(Data excerpts)
○ ○ ○ ○ ○

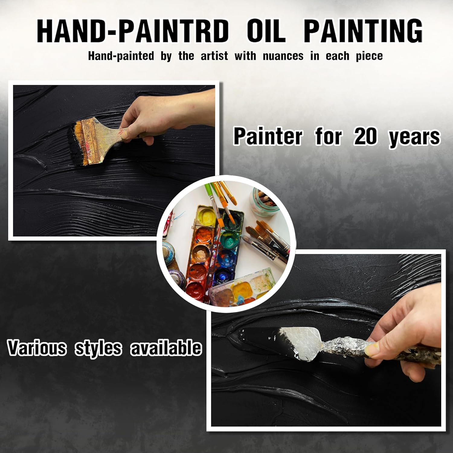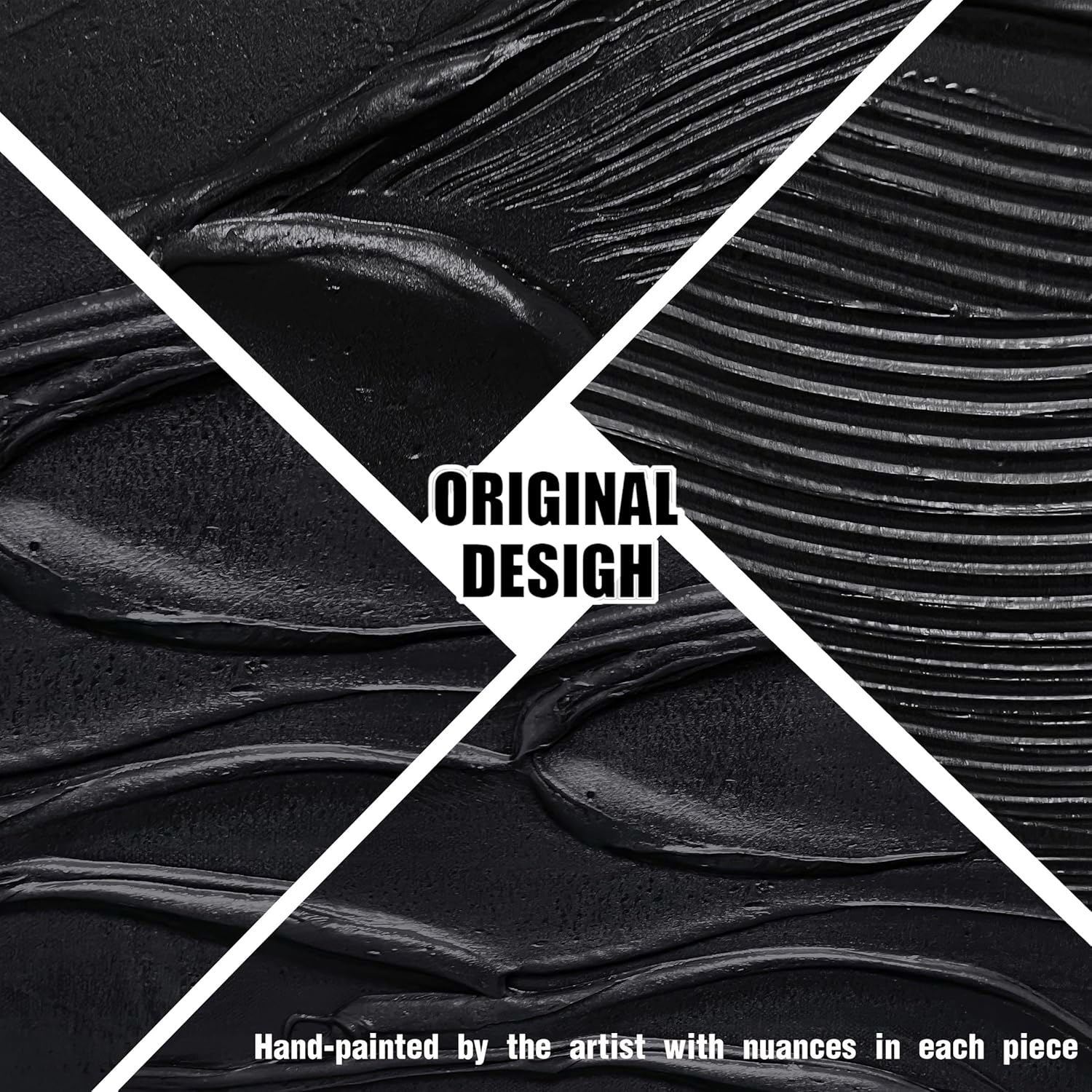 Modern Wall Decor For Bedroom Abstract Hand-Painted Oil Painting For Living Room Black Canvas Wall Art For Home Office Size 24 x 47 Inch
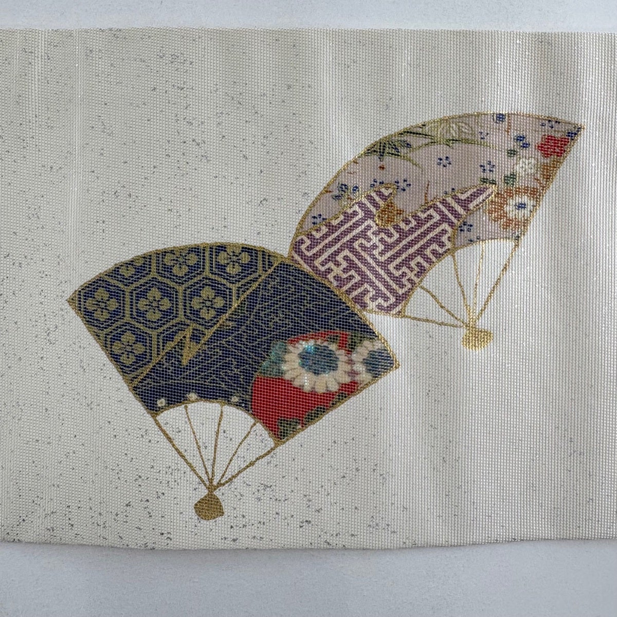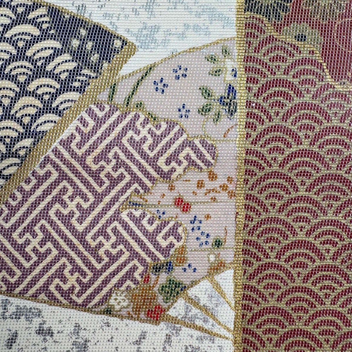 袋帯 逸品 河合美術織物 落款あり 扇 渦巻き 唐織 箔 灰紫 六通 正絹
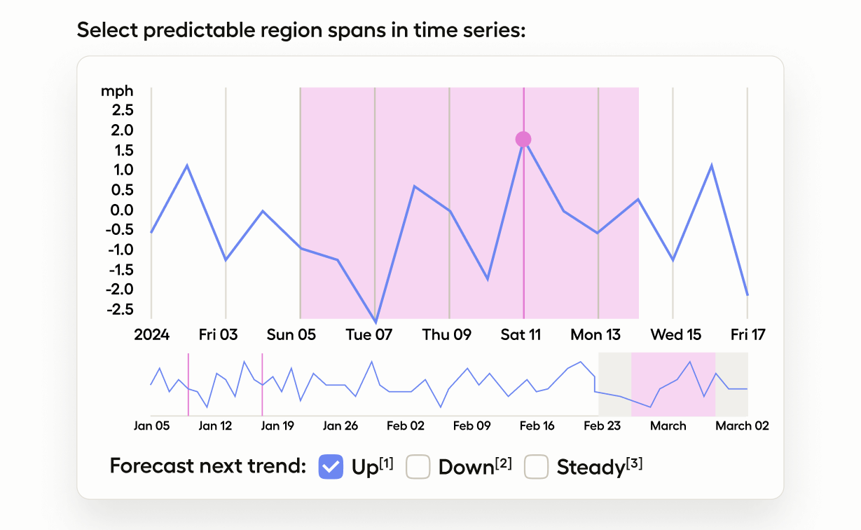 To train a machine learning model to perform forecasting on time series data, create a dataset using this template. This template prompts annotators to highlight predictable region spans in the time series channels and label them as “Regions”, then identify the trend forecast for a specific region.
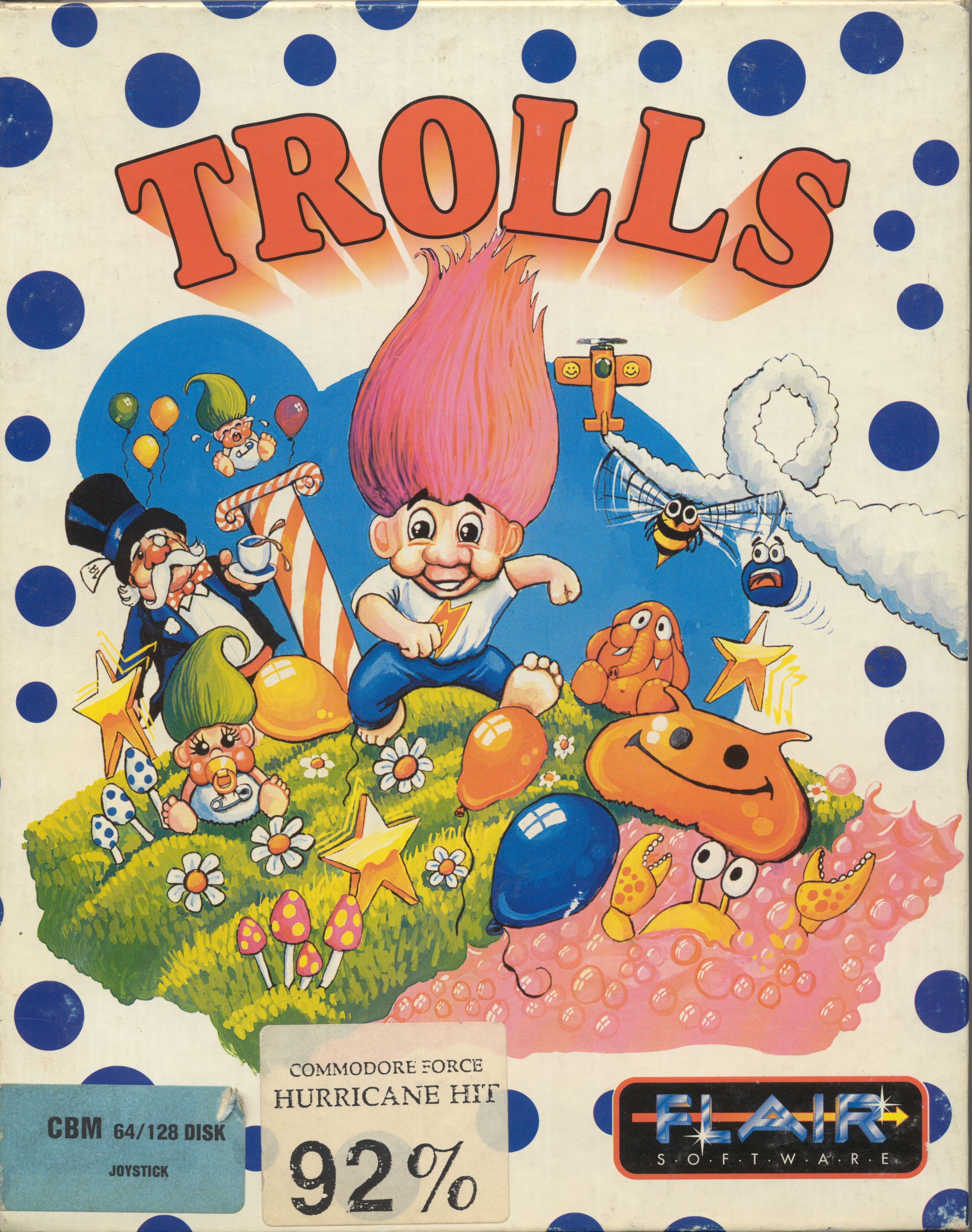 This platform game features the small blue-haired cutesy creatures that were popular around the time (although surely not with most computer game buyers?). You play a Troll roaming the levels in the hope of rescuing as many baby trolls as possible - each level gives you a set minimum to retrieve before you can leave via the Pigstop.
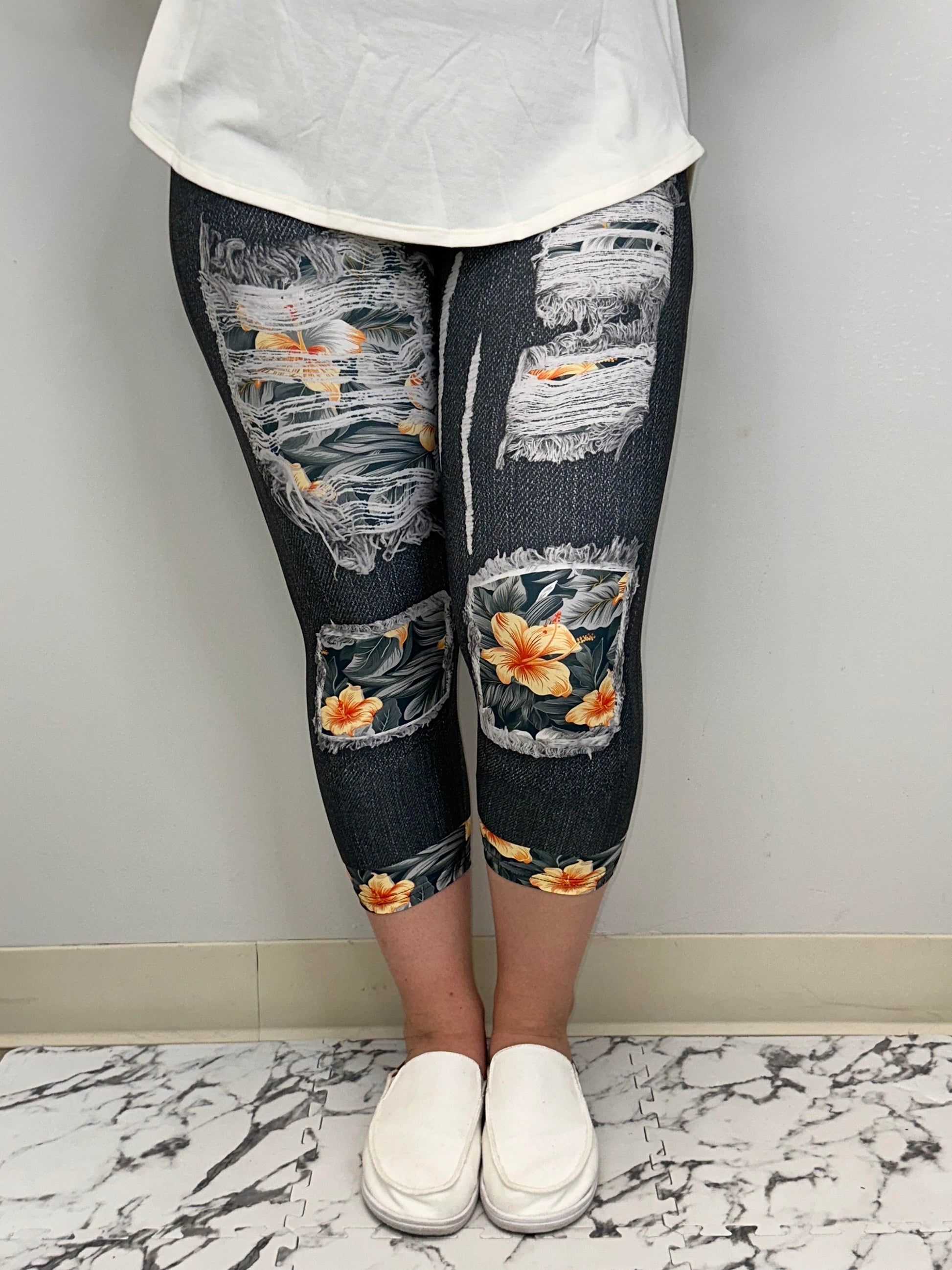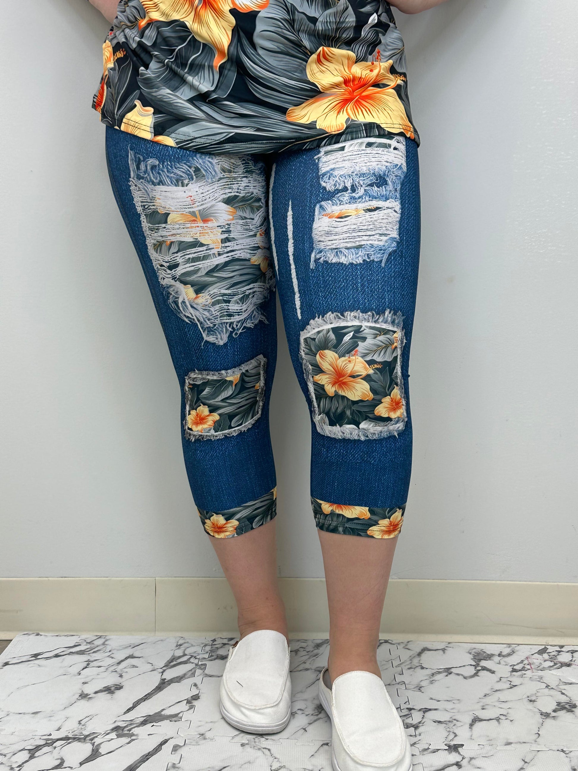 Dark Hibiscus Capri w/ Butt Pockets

○ ○ ○ ○ ○

▸ Work item
Your task is to set down exactly the lines that run from the line holding "To train a machine" through the close of the entries, including both ends. Pictures stay out.

▸ Your solution
 To train a machine learning model to perform forecasting on time series data, create a dataset using this template. This template prompts annotators to highlight predictable region spans in the time series channels and label them as “Regions”, then identify the trend forecast for a specific region.
 This platform game features the small blue-haired cutesy creatures that were popular around the time (although surely not with most computer game buyers?). You play a Troll roaming the levels in the hope of rescuing as many baby trolls as possible - each level gives you a set minimum to retrieve before you can leave via the Pigstop.
 Dark Hibiscus Capri w/ Butt Pockets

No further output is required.